По дороге в столовую Николай Константинович как–то встретил Курынова. Они скрывали свое близкое знакомство, да и обстановка не благоприятствовала задушевному разговору, но несколько фраз, которыми обменялись друзья, придали обоим новые силы.
– Здравствуйте, Николай Константинович, – сказал Курынов. – Я думал, вы уже давно на той стороне с заданием абвера.
– Задание выполнил.
– Так вы вернулись? – изумился Курынов, с недоумением, подозрением, угрозой глядя на Никулина. – Как же так? Столько говорили о переходе к своим, а сами взяли и вернулись? Что это значит?
– Не волнуйся, дружище, так надо. Смело иди через фронт. Наши о тебе знают, ждут. Проси, чтобы доложили о твоем прибытии генералу Быстрову. Скажи, что пришел с приветом от Пограничника. Это – пароль.
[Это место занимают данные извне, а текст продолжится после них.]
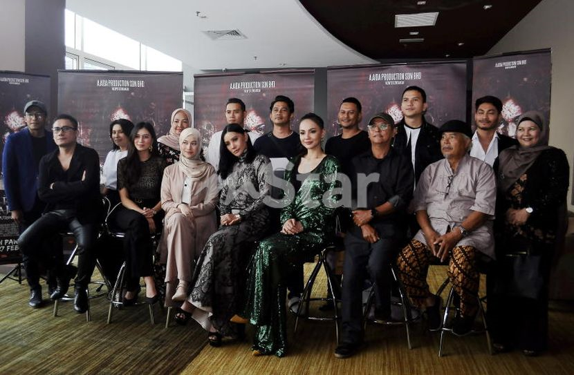 Penerbit, A. Aida (empat dari kiri) bersama barisan pelakon filem Ratu Kala Jengking: Puteri Keranda.
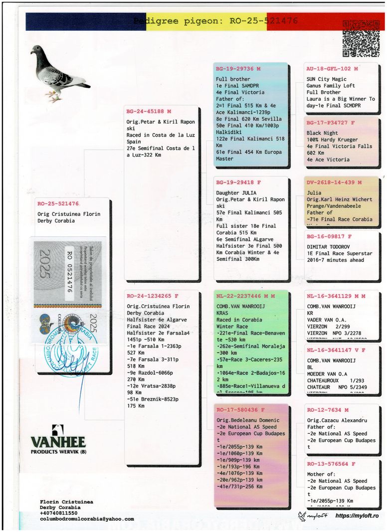 Serie porumbel: RO-25-521476 Original Cristuinea Florin

– Генерал Быстров, – повторил Курынов. – Понял.
– Кто идет с тобой?
– Еще двое.
– Знаешь их хорошо?
– Радист – парень надежный. Не дождется, когда к своим вернется. А вот старший группы – сволочь.
– Будет артачиться – ликвидируйте. Если сумеете, доставьте живым к генералу Быстрову.
Друзья разошлись, взволнованные важностью предстоящих событий. Николай Константинович был рад, что дела у него пока идут хорошо. Что случится дальше – никто не знает, но сейчас хваленые немецкие разведчики проигрывают в борьбе с ним, чекистом, с его помощниками – советскими людьми, настоящими патриотами.
В это время капитан Фиш докладывал Шиммелю о результатах наблюдения за агентом Никулиным. Начальник «Абверкоманды–104» слушал внимательно, вдумчиво. Это заметно было по пытливому взгляду, необычной сдержанности, хотя Шиммель сидел развалившись в кресле, в привычной небрежной позе.
– Все, что было вами предусмотрено, я выполнил точно, – говорил Фиш. – Вы знаете, господин подполковник, что Никулина изучал наш лучший агент Спасов.
– Спасов, Спасов! Только и слышу про него, – с раздражением прервал Шиммель. – У вас этот человек делает буквально все. Он готовит агентуру, он инструктирует и проверяет ее, он сопровождает агентов к передовой. Можно подумать, что кроме вас и Спасова на переправочном пункте больше никого нет. А что делают офицеры – этого от вас не услышишь. Спасов с языка не сходит!
Шиммель знал, что капитан Фиш авторитетом среди офицеров переправочного пункта не пользуется. Отношения между ними натянутые. Поэтому Фиш и приблизил к себе Спасова как незаменимого специалиста, хотя и видел, что тот – авантюрист, проходимец и большой подхалим.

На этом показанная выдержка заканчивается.